• What you need to do:
From the line containing "Ambrane 85W Car" to the final line of the material below, return every line exactly. Do not include pictures.

• Information provided:
-----

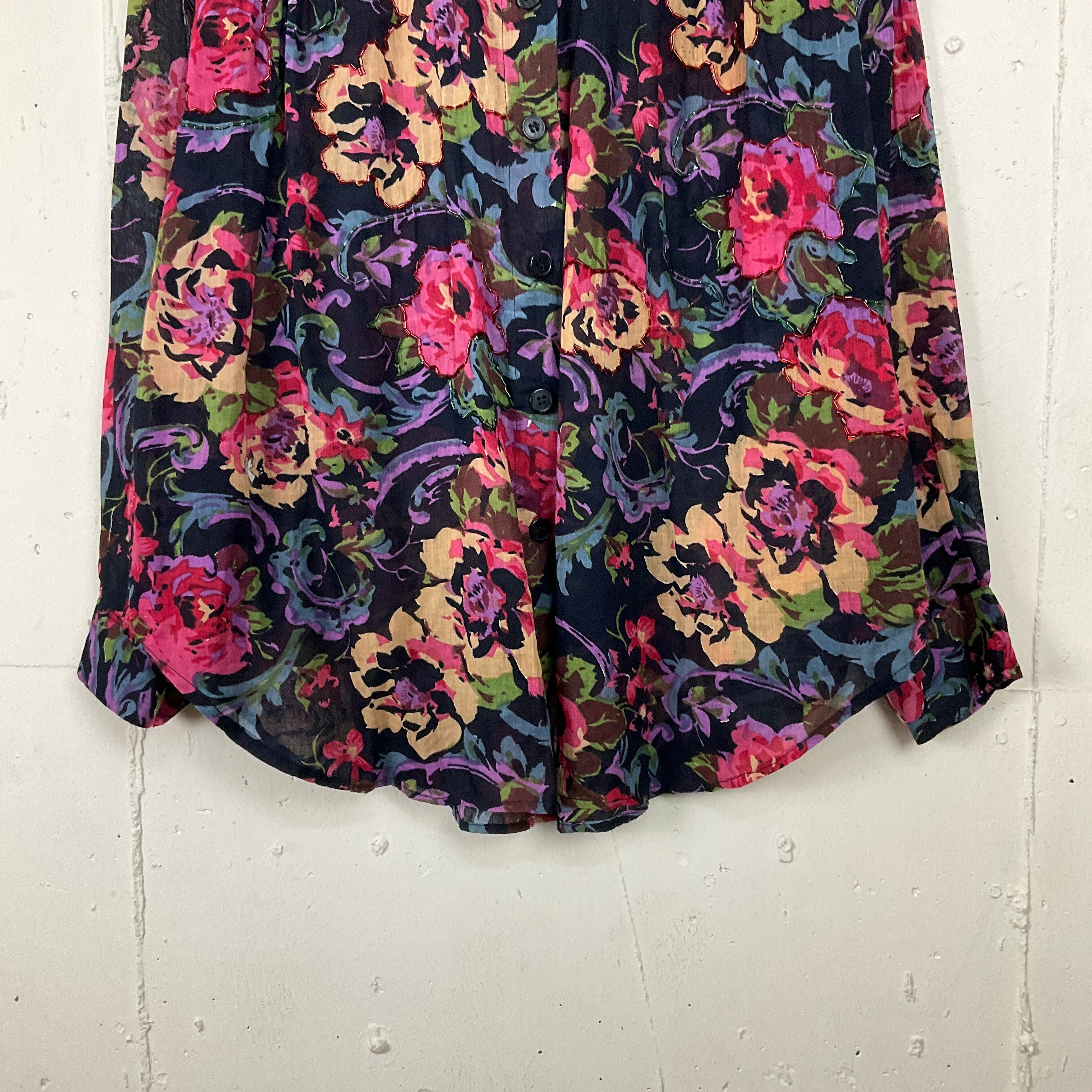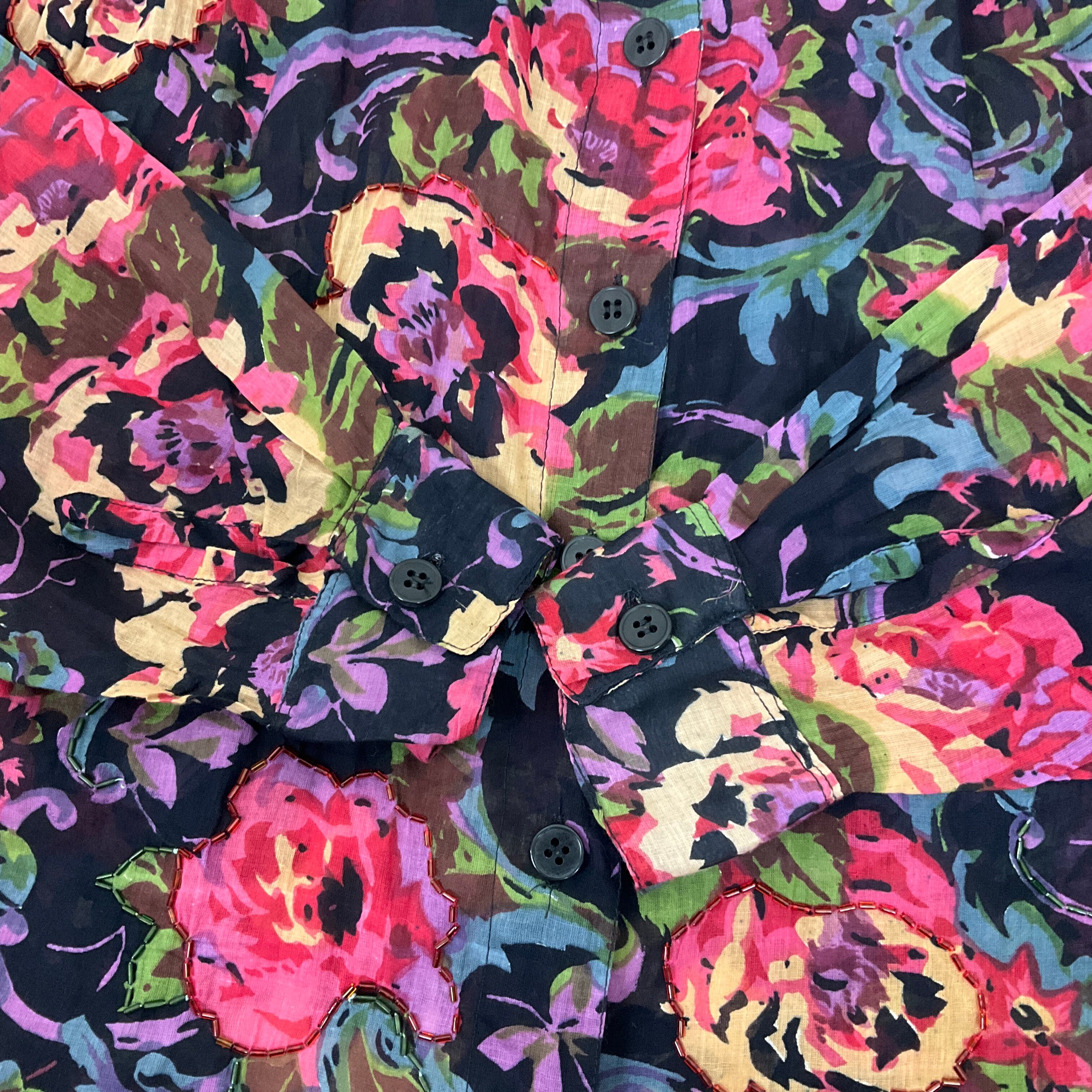 インド綿 花柄 総柄 ビーズ 長袖シャツ 古着 レディースL【f240422006】
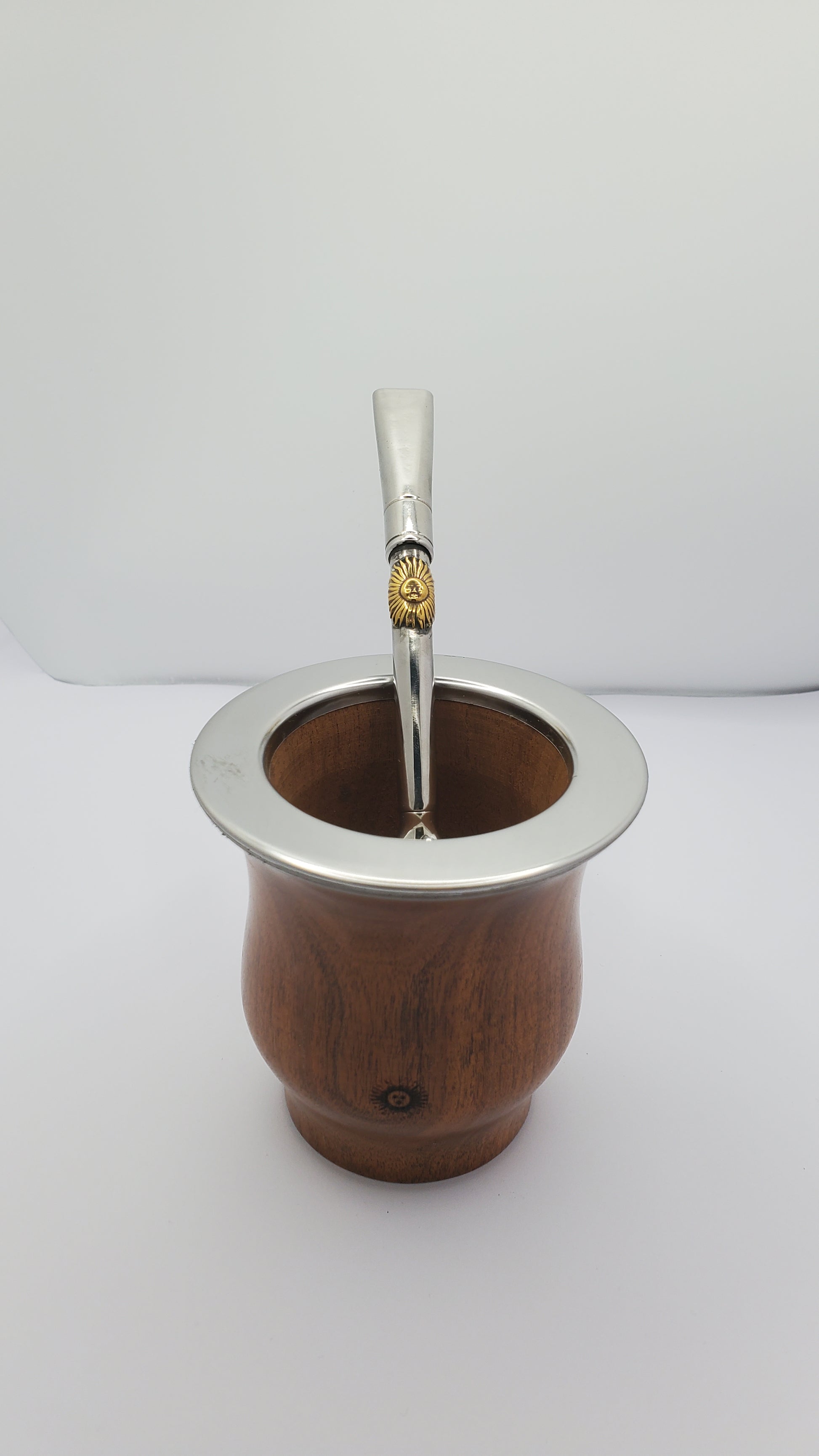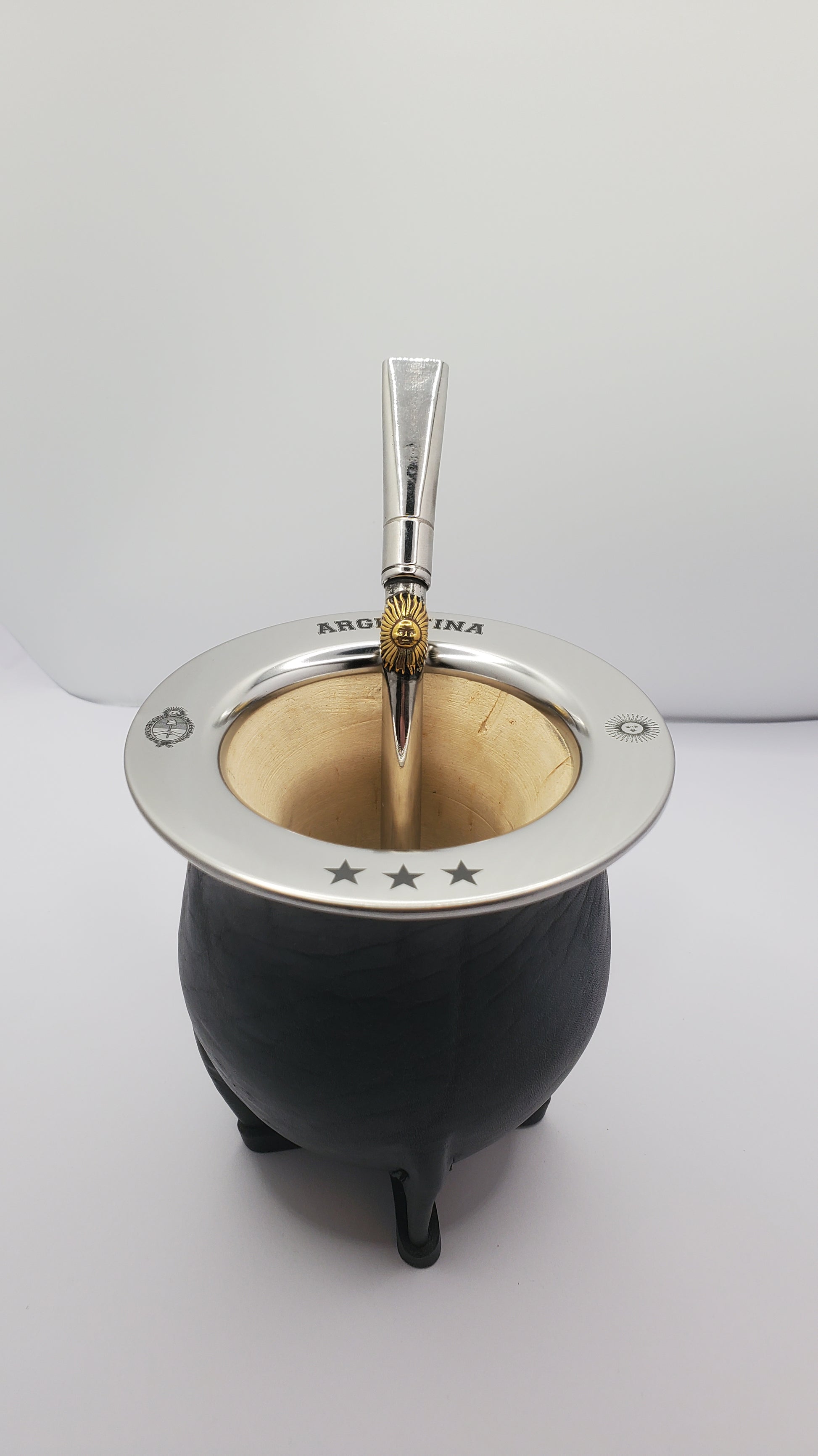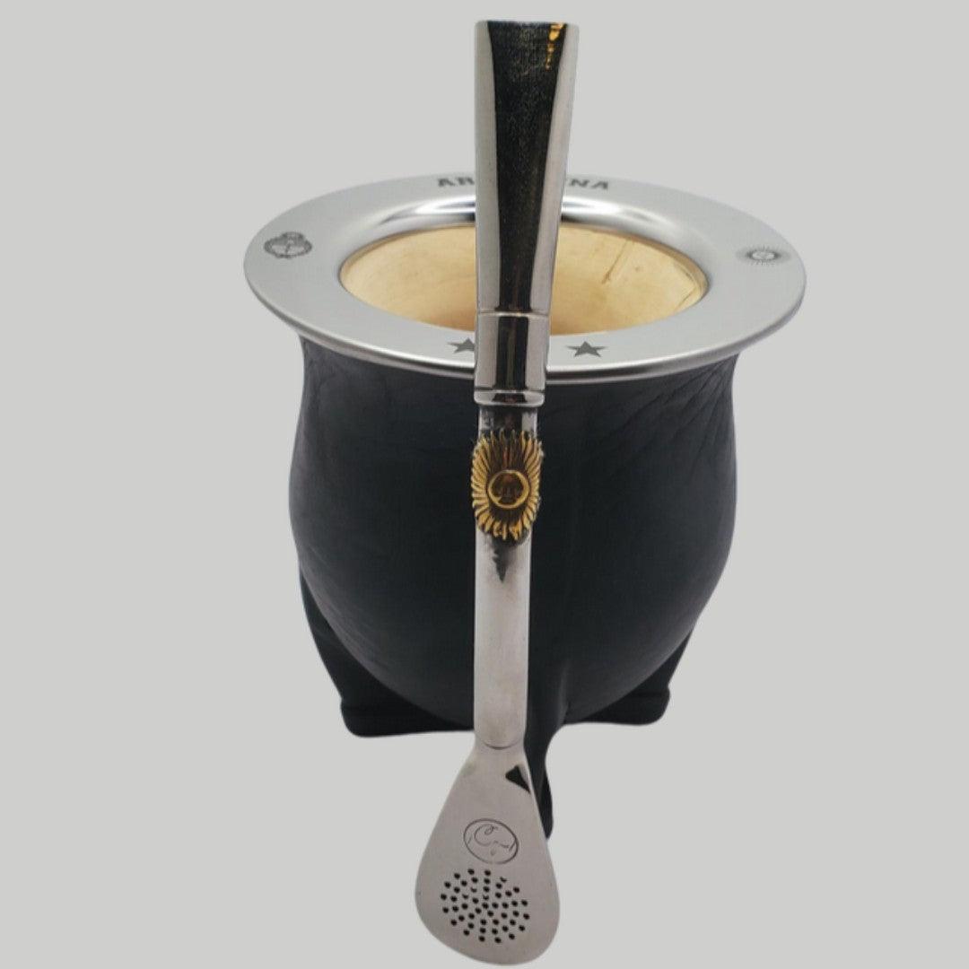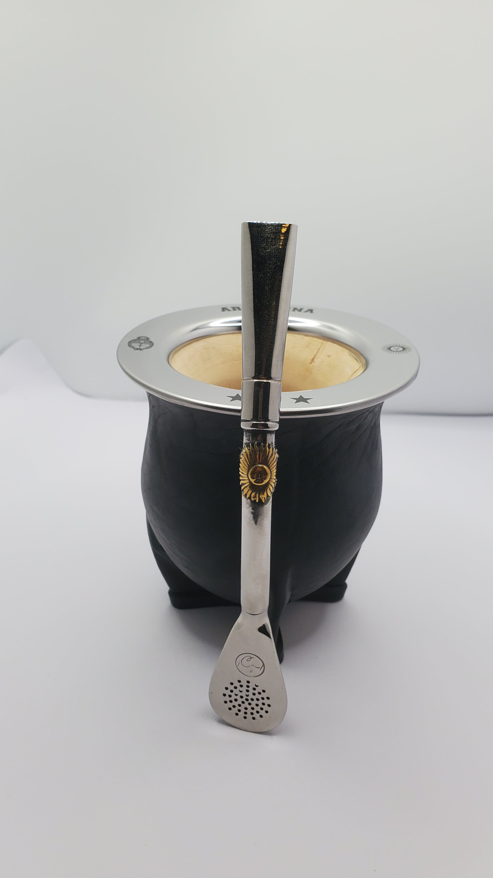 Wahlweise Mate Camionero aus Kürbis mit Leder überzogen oder Mate Algarrobo (aus Johannesbrotbaum-Holz). Beide wurden graviert (siehe Bild Camionero), wobei beim Mate Algarrobo bis jetzt nur die "Sol de Mayo" im Holz eingraviert ist, bei Bestellung des Algarrobo ist die Gravur wie beim Camionero mit inbegriffen. Den Mate gibt es in Kombination mit der Edelstahl inox 304 Bombilla an der die "Sol de Mayo" (eines der Nationalsymbole Argentiniens und Uruguays) angelötet ist. Die Bombilla ist demontierbar und lässt sich dadurch auch ideal reinigen. Eine kostengünstigere Alternative wäre der Mate in Kombination mit der Bombilla Pico de Loro Bronze.
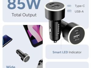 Ambrane 85W Car Charger, Mobile & Laptop Charging (MacBook & Type C Laptops), Glowing Light, Dual Port Fast Charging, 65W Type C PD, 20W USB for iPhone, Android, iPad & Other Devices (Black, C85R)
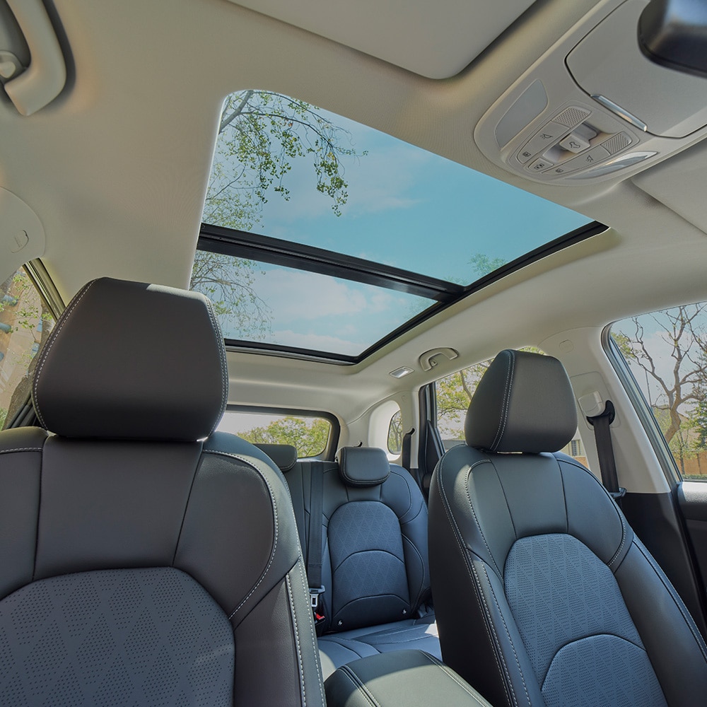 El techo panorámico ofrece más luz natural en la cabina, mientras que los rieles del techo son ideales para familias que buscan prepararse para viajes de campamento o paseos en bicicleta.

-----

• Answer space:
 Ambrane 85W Car Charger, Mobile & Laptop Charging (MacBook & Type C Laptops), Glowing Light, Dual Port Fast Charging, 65W Type C PD, 20W USB for iPhone, Android, iPad & Other Devices (Black, C85R)
 El techo panorámico ofrece más luz natural en la cabina, mientras que los rieles del techo son ideales para familias que buscan prepararse para viajes de campamento o paseos en bicicleta.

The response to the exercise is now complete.